Franchise ou maison mère

Salariés des centres en propre ou en franchise ne sont pas logés à la même enseigne.

Comme le Canada Dry, l'entreprise du franchisé porte le nom de Speedy ou de Midas, offre des services et des produits identiques, mais elle est juridiquement indépendante de la maison mère. Pour ses employés, la différence est primordiale. Ils sont rémunérés par une PME, généralement sans CE ni aucun des avantages sociaux d'une entreprise plus importante. Ils n'ont pas non plus le loisir de choisir un délégué du personnel, car rares sont les franchises de plus de 10 salariés. Chez Speedy et Midas, les employés d'un franchisé côtoient les salariés de la maison mère lorsqu'ils suivent une formation. Les deux réseaux ont en effet créé une école pour former leurs employés et ceux de leurs franchisés à la mécanique comme à l'accueil du client ou à l'utilisation du système informatique. Il y a quelques années, Midas a même créé une école de management pour unifier les pratiques au sein du réseau. Sur le plan social, le réseau propose également à ses franchisés d'adhérer à sa mutuelle pour faire bénéficier leurs employés des mêmes avantages. Reste qu'un franchiseur ne s'aventure jamais à se mêler de la gestion du personnel de son franchisé.

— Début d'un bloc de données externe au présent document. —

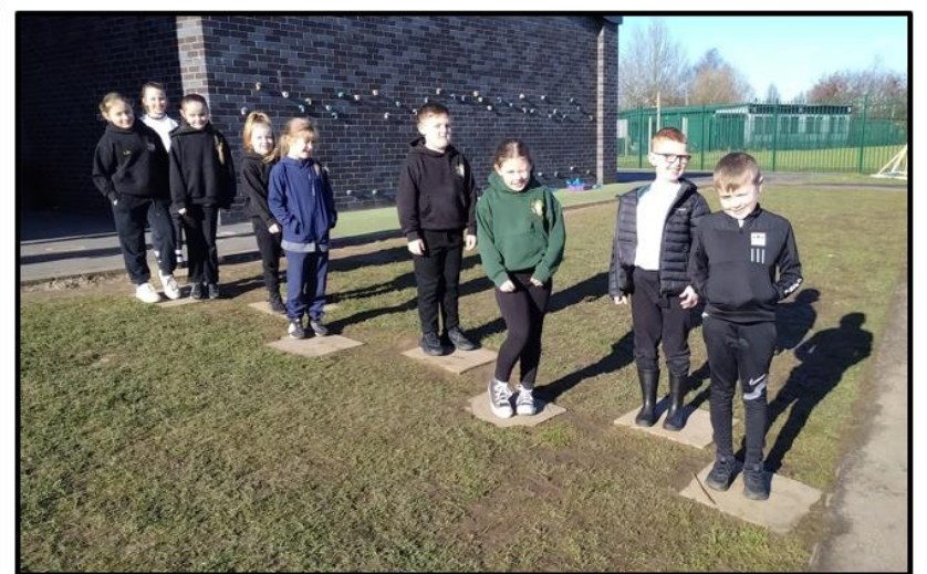
A place where every child can achieve, believe and celebrate in maths!

En cas de désaccord avec ce dernier, il risquerait d'être obligé d'annuler le contrat de franchise et d'intégrer le franchisé et son équipe dans ses effectifs.

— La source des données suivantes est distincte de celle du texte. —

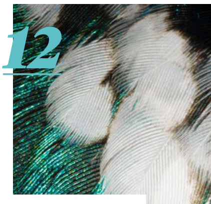
KO WAI A TAHITO (ABOUT TAHITO)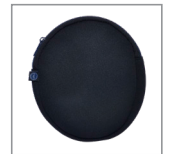
SOFT SHELL CARRY CASE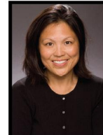
Julie Su Labor Commissioner of California

Don't wait-- In previous years, we have sold out!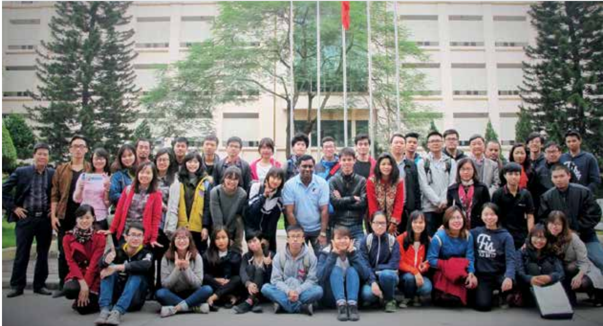
DAP TEAM WITH OFFICIALS FROM THE GOVERNMENT OF VIETNAM, AND OFFICIALS AND STUDENTS OF THE HANOI UNIVERSITY

HANOI – Three different ministries and the Prime Minister’s Office collaborated with DAP in organising three initiatives in drug prevention for Vietnamese youth from 21 – 28 November, 2015. The overall goal of these initiatives were to train youth drug use prevention with specific social skills to increase their protective factors against drug use.

Les 35 heures, c'est encore loin

À Midas comme à Speedy, la réduction du temps de travail est un sacré cactus. Aucun des deux réseaux n'a encore entamé de véritable discussion avec les représentants du personnel. Prudente, la direction de Midas attend le vote de la seconde loi pour faire des propositions aux partenaires sociaux. Le réseau a déjà fait un premier pas en supprimant le recours systématique aux heures supplémentaires, mais Jean-Pierre Dassieu souligne que les 35 heures créent un problème difficile à résoudre pour la réparation rapide. « L'effectif moyen de nos centres est de cinq personnes, chef de centre et adjoint compris. L'aménagement des horaires bloque vite sur les contraintes du service à la clientèle. » Du côté de Speedy, les réticences sont beaucoup plus fortes. La fermeture des petits centres non rentables a même été évoquée devant les représentants du personnel. Gilles Chauveau indique que « des tests ont déjà été réalisés sur quelques centres ». Dans son esprit, l'équation est simple : si le centre a une bonne profitabilité, l'entreprise embauchera pour compléter l'équipe. Sinon, ce sera la fermeture.